Office Pain Mitigation: Wrapping Your Head Around Tech Neck
By Martha Michael
If you’re a real head turner when you enter a room, it could mean you’re easy on the eyes. But if the head that’s turning is your own, it may add up to stress on your neck that could lead to painful health problems.
The London Pain Clinic published a study of individuals whose jobs involve the use of technology to take a closer look at the major causes of neck pain due to frequent computer use. Data the researchers collected on employees in an office setting showed that nearly 35 percent of the workers had at least one incident of neck pain related to computer use. Most of them were females who tended to have poor screen and keyboard positioning. Many sufferers were also battling stressful conditions and had lifestyles involving a low rate of exercise.

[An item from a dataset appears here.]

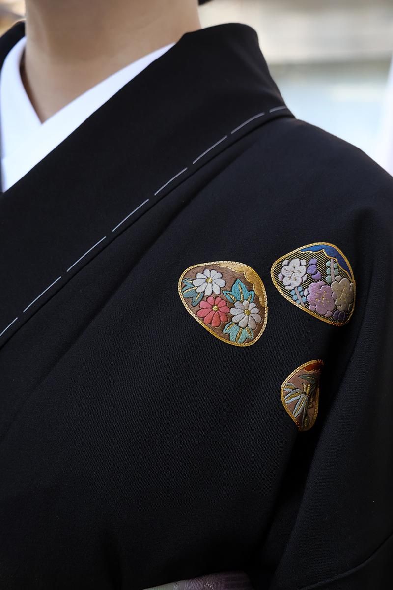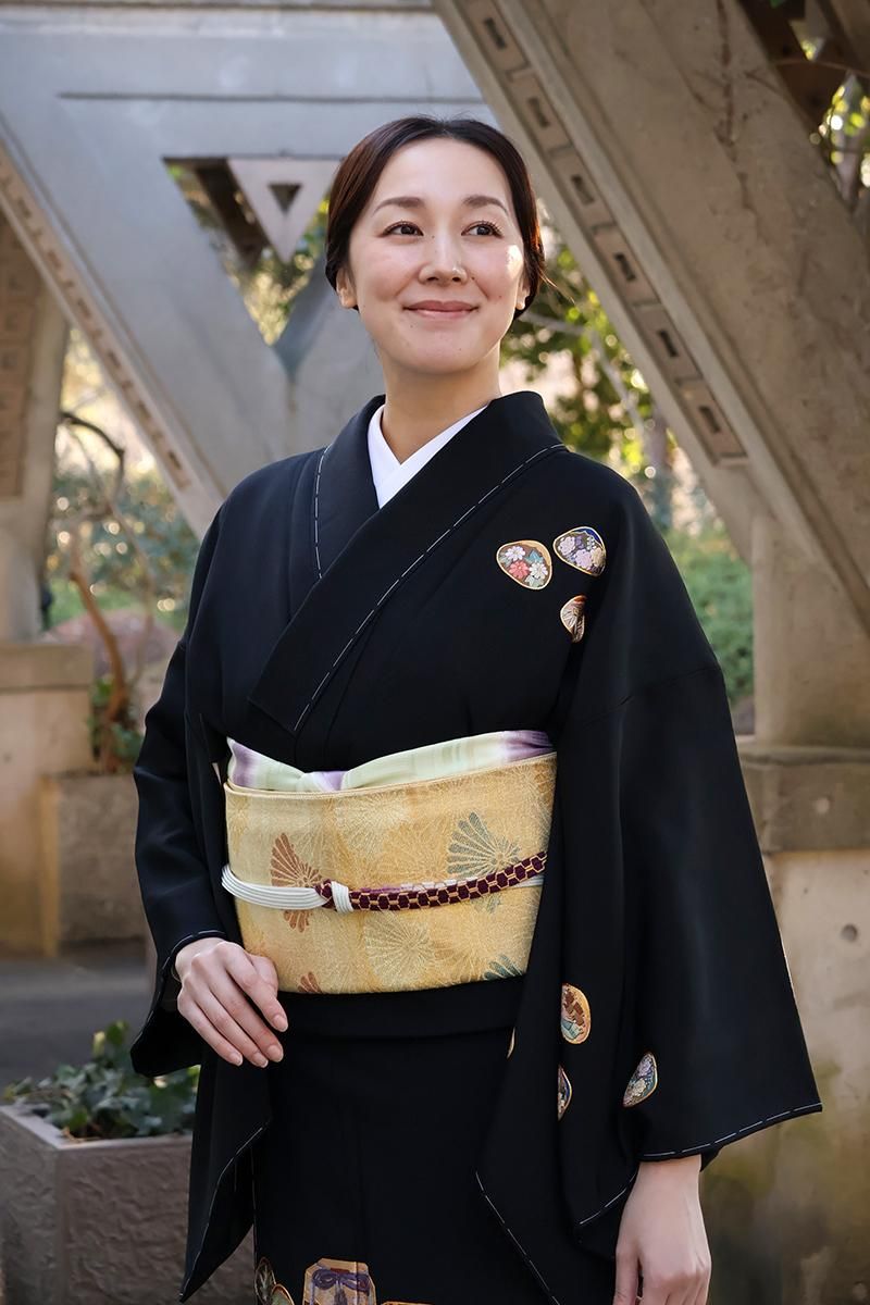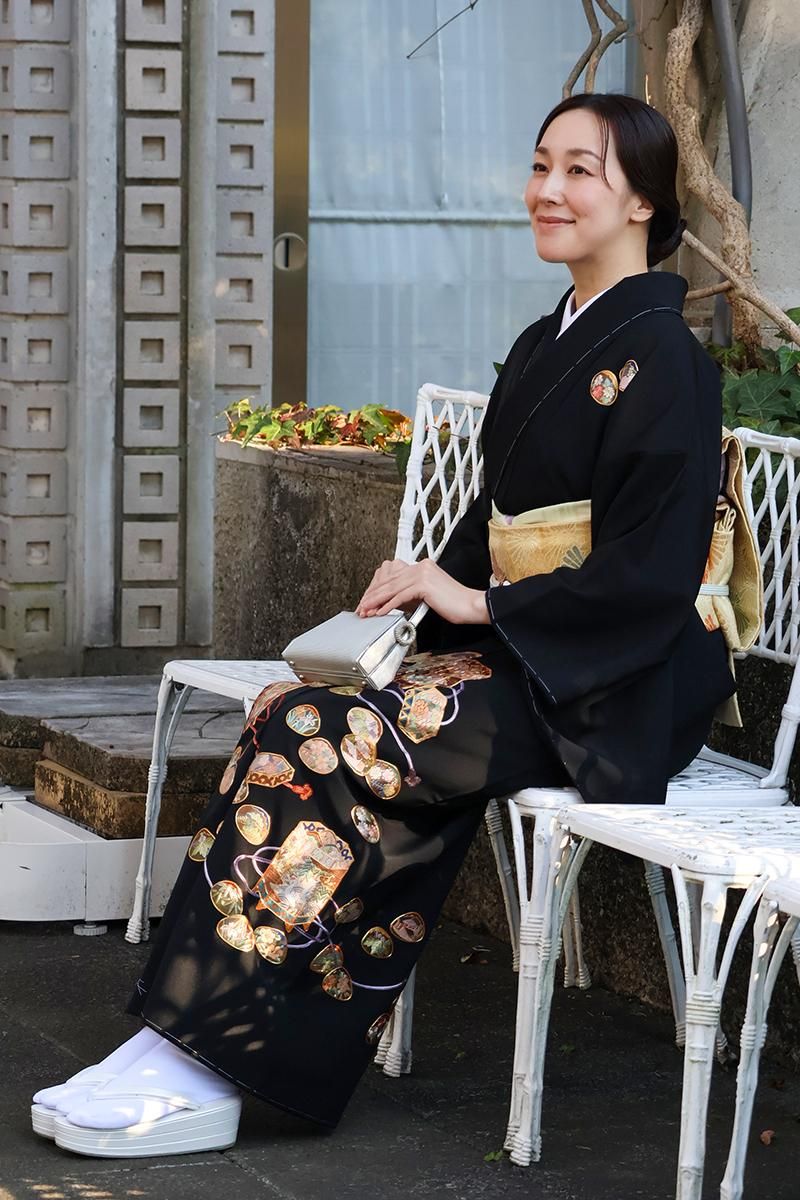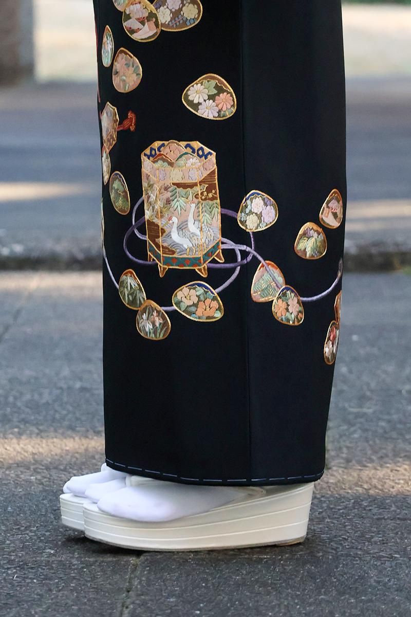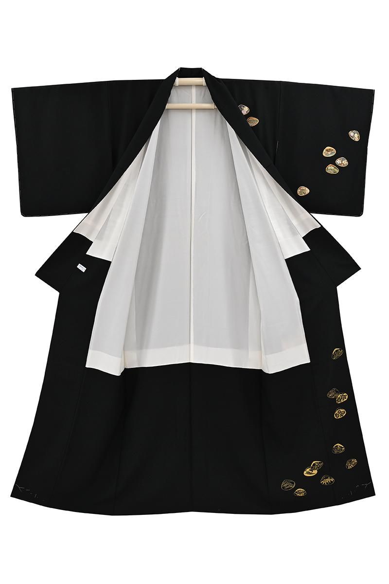 深い黒色の地に、精緻な繍いによって貝桶文が散らされた訪問着です。雲取りに丹頂鶴、松竹梅に御所車などを配した貝桶、宝尽くしに桜、牡丹や椿、楓に杜若など折々の花木などを置いた貝等々、数え切れないほどの様々な意匠が丹念に縫い取られ、肩袖、裾を華やかに彩っていますね。一歩控えた落ち着いた色と静かに輝く金糸が創る、まさに贅を極めた世界。絹糸の柔らかな光沢と共にふっくらと浮かび上がる、刺繍による表現ならではの迫力そして重厚な存在感が、着る人を晴れやかに引き立ててくれることと思います。どのような場面でも安心してお召しいただける、高い格調と祝意に満ちた正統派古典意匠の美しい社交着を、ぜひこの機会にお手に取ってご覧くださいませ。
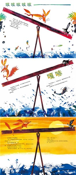 | 看我,如何和孩子们一起读绘本 中心幼儿园闫保贤 闫老师:“孩子们,今天是周五,又到了一起阅读绘本的时刻。闫老师给你们带来了两只小动物的影子,故事就发生在他们身上。一起去看一看是谁,又有什么有趣的事情发生。” 涵涵:这是一只狐狸和兔子。 一诺:一只狐狸饿了,在追赶着兔子。想要吃掉它。 超超:我觉得是狐狸和兔子没错,可是他俩看起来很开心的在海里? 闫老师:“孩子你们解读的都有自己的独特想法,很好。发现了这么多闫老师都没发现的细节,证明你们观察的很仔细。那我们接着看看,会发生什么事情吧。”(出示第三张图片) 涵涵:“果然是兔子和狐狸。” 轩轩:“狐狸在追着兔子跑,想要抓住兔子。兔子为了逃跑,准备跑到桥上。” 宇哲高高的举着手:“我看着那个桥很不结实,木板都掉进了河里。” 闫老师:“不错,我看天气预报说。森林里下了好久的雨。。” 又又:“那就是被大雨给冲掉了。这么不牢固的桥,小兔子能过,狐狸太重,肯定就会掉进河里。这样兔子就能获救了。” 闫老师:“那我们接着看。到底狐狸有没有抓住兔子,兔子有没有自救成功。”(孩子们在紧张的气氛中,聚精会神的等待解读下页。他们有的希望兔子可以逃跑成功,而有的小朋友想要狐狸抓捕成功。) 悦心:“不好,稳固桥板的石头掉落了。” (孩子们都被悦心的一句话给提醒了。关注点转移到了支撑两边桥的石头上。) 诺诺:“看,他们一上桥,石头掉了,桥还歪了。不平了。” 烁烁:“这个桥好像跷跷板。” 佳伟:“因为狐狸重,所以它那边往下一点。兔子轻就往高一点。” 诺言似乎发现了新的事情,喊着:“老师老师我我我。我觉得狐狸得不能动了,兔子往右跑一点。桥就会平衡。不然都会掉进河里。” 宇哲:“不行,狐狸肯定要跑,他要吃兔子。肯定会跑过去吃兔子。我觉得兔子可以跑快一点,冲过去把狐狸自己丢在桥上。” 宝贝:“我觉得他俩都不能跑了。再跑都会失去生命。闫老师过,安全第一,生命第一。得有命,才能做其他事。” 闫老师:“给宝贝点掌声。说的太对了。生命第一。就算是敌人,在危险来临的时候为了活下去,也可以先当朋友。” 孩子们陷入了沉寂,教室里突然安静了下来。似乎他们在想这个问题。 欢欢说:“那他们俩就不能跑。要想办法平衡。为了活下去,他们得平衡。” 终于,不负众望。狐狸和兔子在几番挣扎中,找到了平衡,狐狸不在追,兔子不在跑。他们俩在平衡中,从白天到黑夜,等待救助。然而故事并没有结束,他们的“路途”也并未一帆风顺,在等待救助的时候,上天还给了他们额外的“奖励”。但是他们俩在新的困难中,坚持着3自己的生命。最终。。。。。。 这个故事就这样结束了,孩子们似乎还意犹未尽的在讨论着。 绘本,魔力十足。整节活动下来,老师们会发现,我几乎没有说几句话,都是孩子们自己讲下来的。或许有些地方和故事并不一致,或许没有按照书上写的话一句一句的复述,但孩子们讲了,把重点表述了出来,并在活动中成长了。他们从开始就发现了细节性的内容、说出了狐狸和兔子的敌对关系、观察了出平衡、在情感上又体会到了兔子和狐狸经过相处角色上的变化:从敌人变成了朋友等等。这些都是他们自己发现的,我觉得就很成功。在这样的读绘本中他们收获的不仅仅是知识。 一千个人的眼中有一千个哈姆雷特。我们要允许孩子们有一千种解读。 很多老师都不知道怎么去上绘本课,其实绘本最好进行。让孩子们自己去观察,大胆自由表达。老师,给与实时的引导就可以。在过程中充分发挥老师的教育机智,灵活的应对,但是一定要记住:少说话,让孩子自己去表达!

Based on the results, the London Pain Clinic article adds a list of factors in the workplace that may contribute to poor posture, which is a common cause of neck pain:
- Height of computer screen - It can’t be placed too high or too low. Put the monitor on blocks if necessary, and if you have little space for it on your desk, employ a monitor arm.
- Fatigue - Employers should recognize the need for workers to take breaks.
- Stress and tension - Watch for temperament changes, as it may trigger physical issues in the upper body.
- Seated too low - If necessary, invest in arm rests for your chair.
- Repetitive head movements - If your job requires looking side-to-side repeatedly, the muscles, tendons and ligaments can become stressed.
Home Computer Use
You don’t have to use electronics at work to suffer some of the hazards brought on by excessive tech use. If you’re an avid e-book reader, or you’re rarely without your iPad, you may feel it in your upper body eventually.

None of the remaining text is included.